By Dave Halliday
CALGARY, ALTA. – The plunge in oil prices and the value of the Canadian dollar could impact both luxury vehicle and truck fleet sales strongest in Alberta.
However, most people involved in the auto industry say it’s too early to tell how large the effect could be.
Slumping oil prices have been accompanied by thousands of layoffs in the petroleum industry, but those job losses are spread over many countries where large multinational companies are involved, reducing the impact in Alberta.
In addition, the first workers to go are primarily the fly-in employees who fly into the province for work, industry analysts stressed.
Jim Gillespie, executive manager of the Calgary Motor Dealers Association, said he heard of a luxury vehicle sale in Calgary that fell through when the buyer’s large bonus from his oil-industry job virtually disappeared.
So far, Gillespie said he hasn’t heard cries from Calgary dealers about the situation. But he points out that there could be an impact down the road, depending on how long the oil price stays low.
Along with others in the auto industry, he noted that job losses among fly-in workers don’t affect sales in Alberta. Those workers buy their vehicles where they live, whether that is Newfoundland, New Brunswick or British Columbia.
Bob Vilas, executive director of the Edmonton Motor Dealers Association, said January luxury vehicles sales weren’t as robust as January 2014 sales, but they were still equal to January 2012 levels which wasn’t a bad year.

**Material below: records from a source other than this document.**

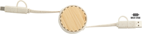 Cavo di ricarica USB telescopico in plastica ecologica di paglia di grano e bambù. Con connettori micro USB, USB-C, Lightning, ed ingressi USB e USB-C.
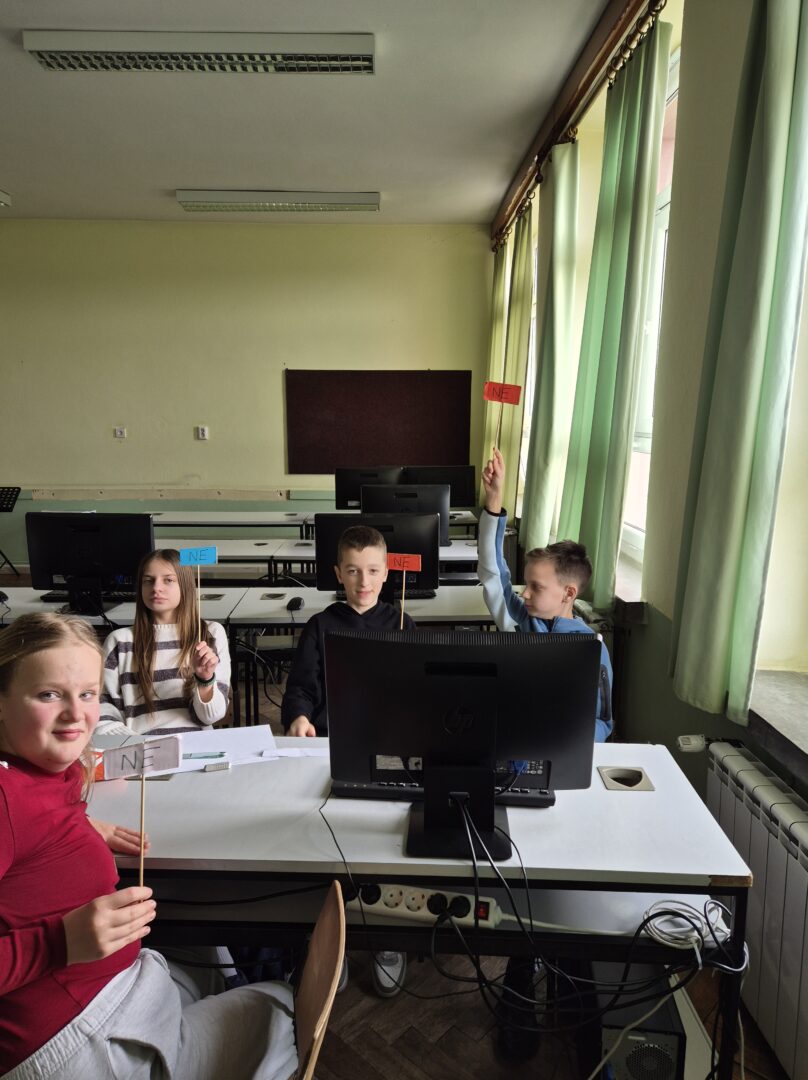 Tijekom radionice učenici su se upoznali s pojmovima sexting, grooming i sextortion. Učenici su bili podijeljeni u grupe, a svaka je grupa dobila jedan scenarij. Zadatak je bio iznijeti stav o tome kako bi postupili u određenim situacijama.
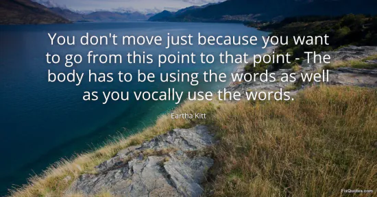 Kitt, Eartha. (2026, February 19). You don't move just because you want to go from this point to that point - The body has to be using the words as well as you vocally use the words. FixQuotes. https://fixquotes.com/quotes/you-dont-move-just-because-you-want-to-go-from-48642/
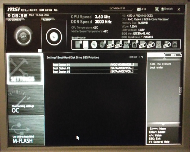 "Boot Priority" gave me a wrong drive. SSD seemed to be gone from "Boot Priority" line.
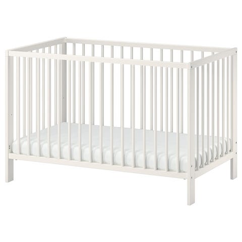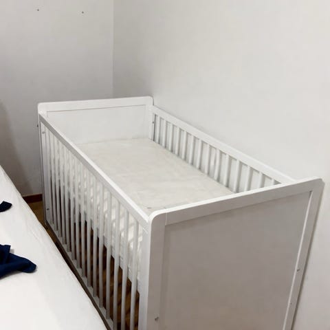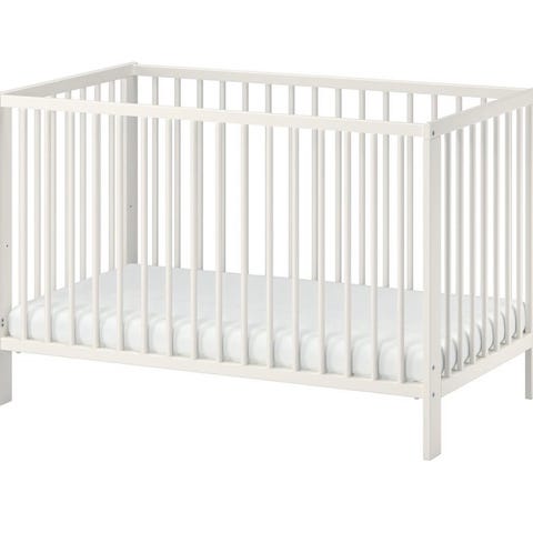 Jollyroom spjälsäng i vit färg. Klassisk modell med ribbor på sidorna och öppning på ena långsidan. Sängen är avsedd för små barn och bebisar. Madrass och madrasskydd syns på bilderna; kontrollera mått och skick vid köp. Passar som sovplats i barnrum eller som extrasäng. Konstruktion i trä eller träbaserat material med lackerad yta.
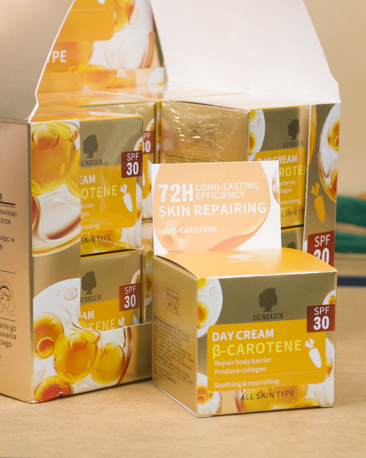Nowa seria kremów od LUXELUX. Słynne kremy stworzone w technologii koreańskiej, dostosowane do rynku europejskiego. Najwyższa jakość i gwarantowany efekt. Krem przeciwzmarszczkowy z aktywnym kolagenem, który dosłownie wypełnia i wygładza zmarszczki na Twojej twarzy. Nowe, wygodne opakowanie będzie się pięknie prezentować na Twojej półce z kosmetykami. Dodatkowo, dzięki eleganckiemu opakowaniu, krem idealnie nadaje się na niedrogi, ale efektowny prezent. Dzięki dołączonej łyżeczce łatwiej odmierzyć odpowiednią ilość kremu. Krem ma przyjemny zapach, gęstą konsystencję, szybko się wchłania i nie pozostawia tłustych śladów. Jeśli szukasz dobrej, niedrogiej kosmetyki, produkty od Luxelux będą doskonałym wyborem. Polecam!
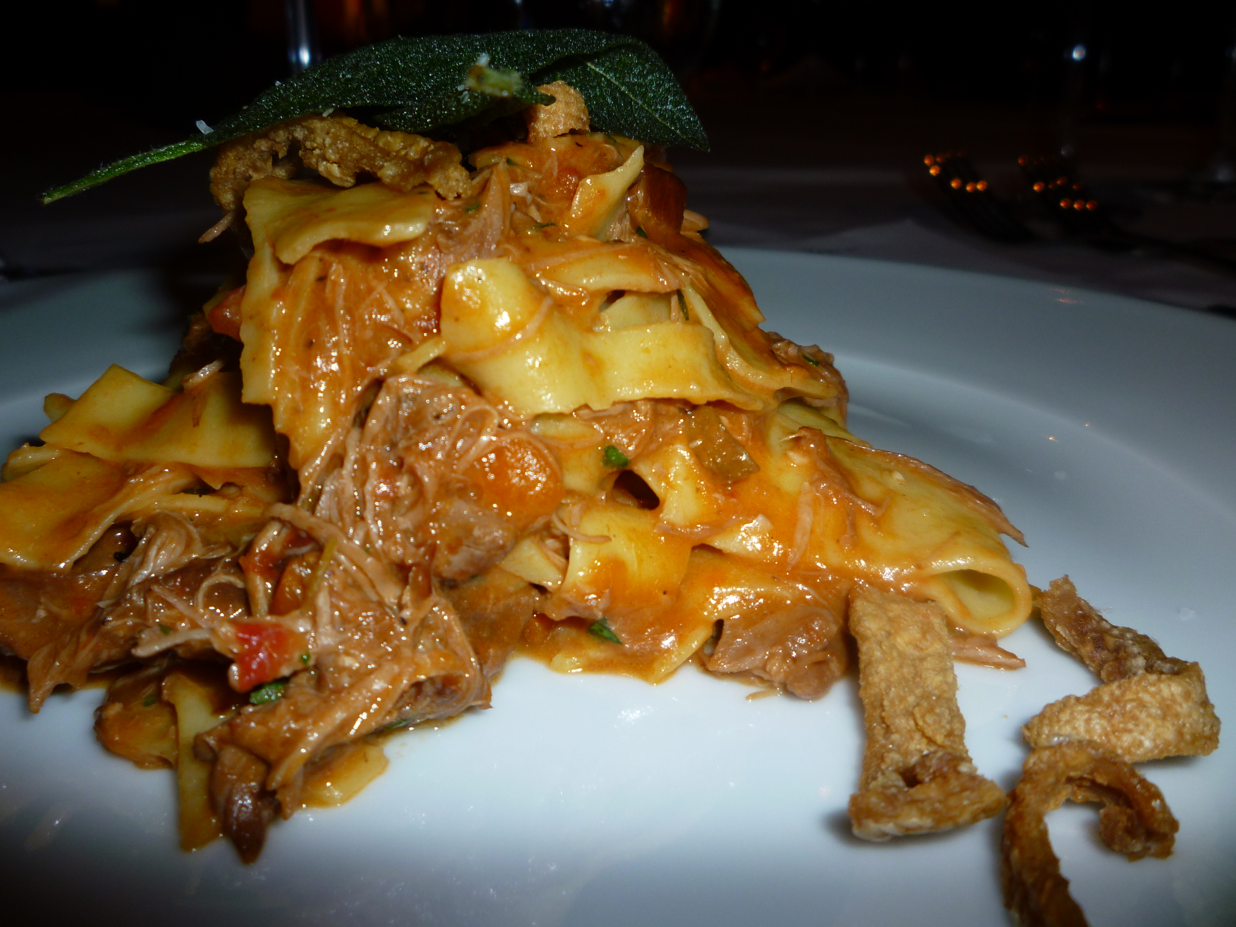 The duck ragu is a traditional Tuscan dish. Long, flat pasta wrapping its starchy arms around shredded roasted duck, all sitting in a light and airy sauce that is weightless yet dense at the same time. Such a lovely savory dish. Add some fried sage and pow! That’s right – fried fresh sage leaves right on top. Who came up with that? Genius. Top with buttery Asiago and duck cracklins. You read that right. All made in house.
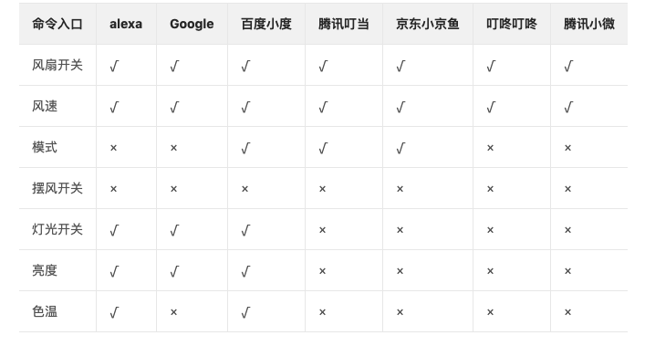 目前公版风扇支持的语音平台参考下表: √——支持 ×——暂不支持
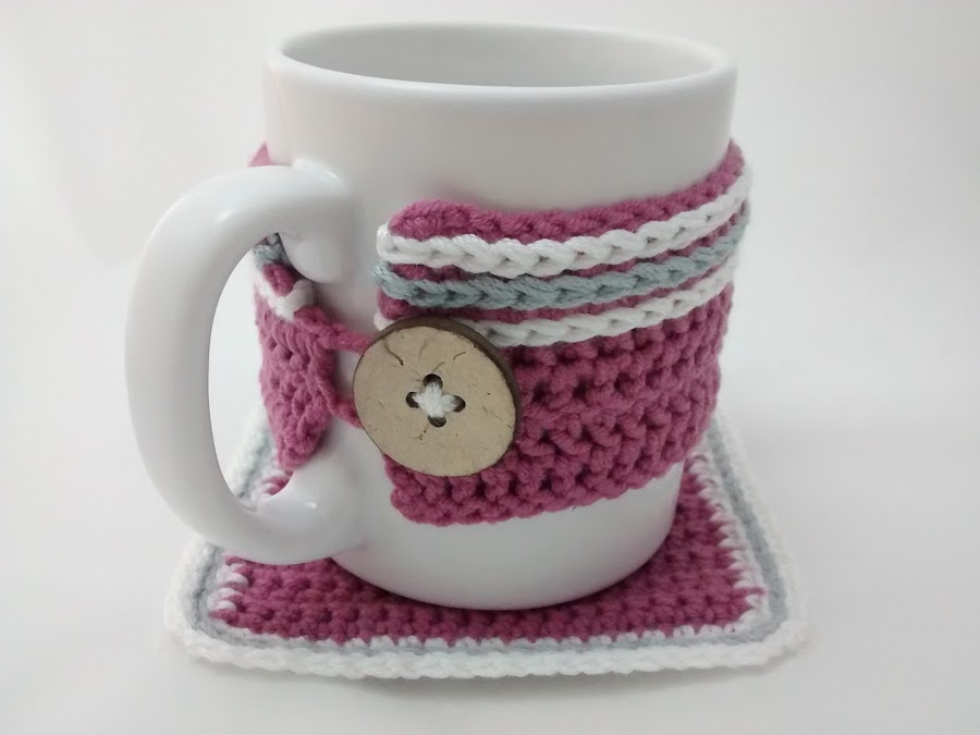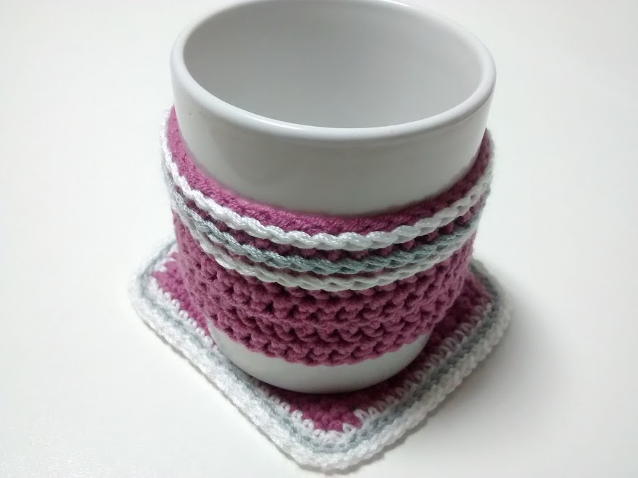 Es una funda para taza a juego con un posavasos tejido en crochet, que espero os guste tanto como a mi:
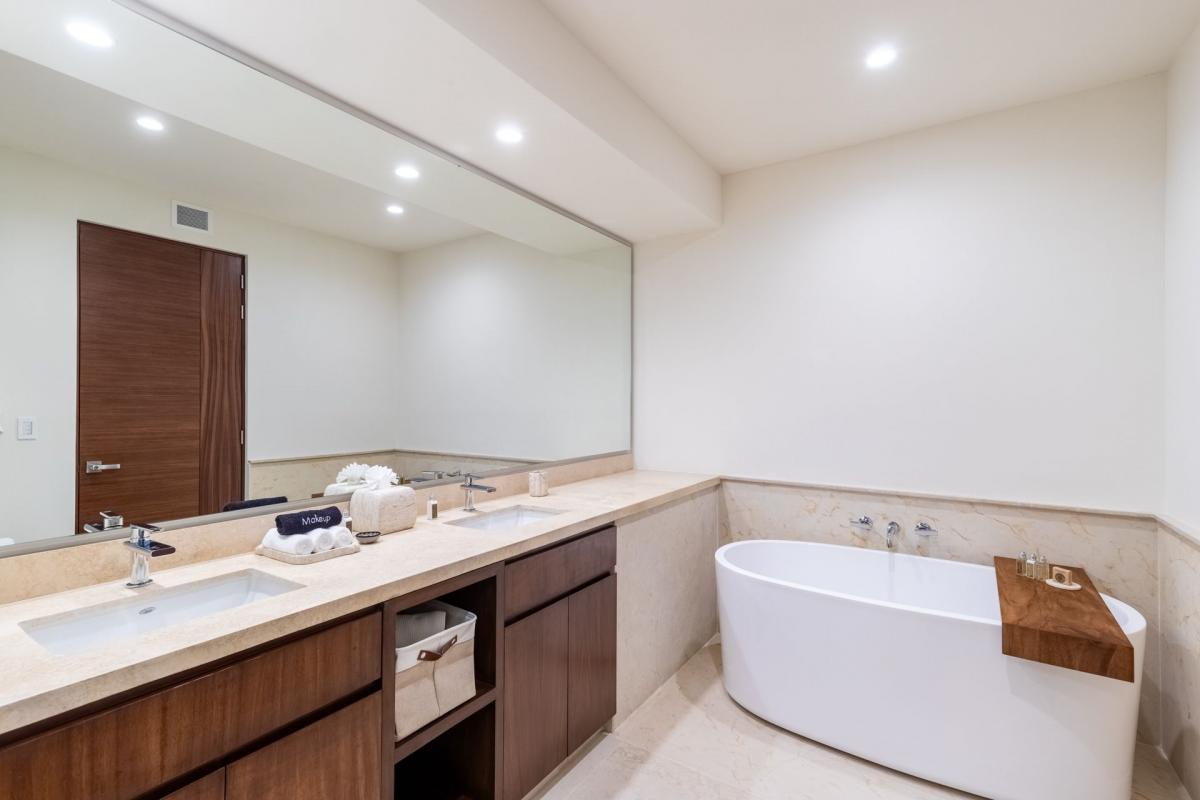 Bedroom 2: 1 King bed, TV, AC, double closet, sofa, dedicated workspace, balcony with pool and ocean view, outdoor furnishings, ensuite bathroom with double vanity, indoor shower, and bathtub.
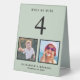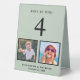 Amusez-vous avec les panneaux de numéro de table de réception de votre mariage avec ces tentes de table verte sage avec des photos d'enfance des jeunes mariés. Chaque numéro de tableau correspond aux photos de la mariée et du marié à cet âge. Par exemple, pour le tableau 4, ajoutez des photos de la mariée et du marié à l'âge de 4 ans. Si vous avez un grand nombre de tables, vous pouvez les diviser en deux et avoir la première moitié avec une couleur arrière - plan ou texte et la deuxième moitié avec une couleur arrière - plan ou texte différente. Par exemple, si vous avez 30 tables, vous pouvez avoir un numéro de table blanc 1 -15 et un numéro de table noir 1-15 (et indiquer la couleur appropriée du numéro de table sur les cartes de place).

“I haven’t seen anybody really slow down,” Vilas said.
Tom Wilson, dealer principal of Weber Motors Mercedes-Benz, said his dealership reached its sales target in January.
The Jim Pattison Auto Group will open a new Audi store in late May in Edmonton, but group president Jim Harbottle said he isn’t concerned about the impact of falling oil prices on luxury vehicles sales.
Edmonton is an important market for fleet truck sales to the oil industry.
“We have seen a little bit of a slowdown on the commercial vehicle side,” Vilas said.
Denis Ducharme, president of the Motor Dealers Association of Alberta, said most of the feedback he’s getting is that business is still good. There’s no panic among dealers about the impact of falling oil prices.
Along with plummeting oil prices, the Canadian dollar has dropped significantly and that’s having an impact on used vehicles. The low dollar makes used luxury cars, SUVs and pickups attractive in the United States and, at other times when the dollar has been low, Canadian vehicles have been shipped south.
Consumers know that they can get good value for used vehicles in the U.S., Ducharme said.
Factors that will support Canadian car and truck sales include low interest rates, following a recent cut by the Bank of Canada, and the lower fuel prices that have accompanied the skid in oil prices.
Dave Hill, sales manager at Arrkann Trailer and RV sales in Edmonton, said lower fuel prices put money in consumers’ pockets that can be used either to buy a vehicle or travel further.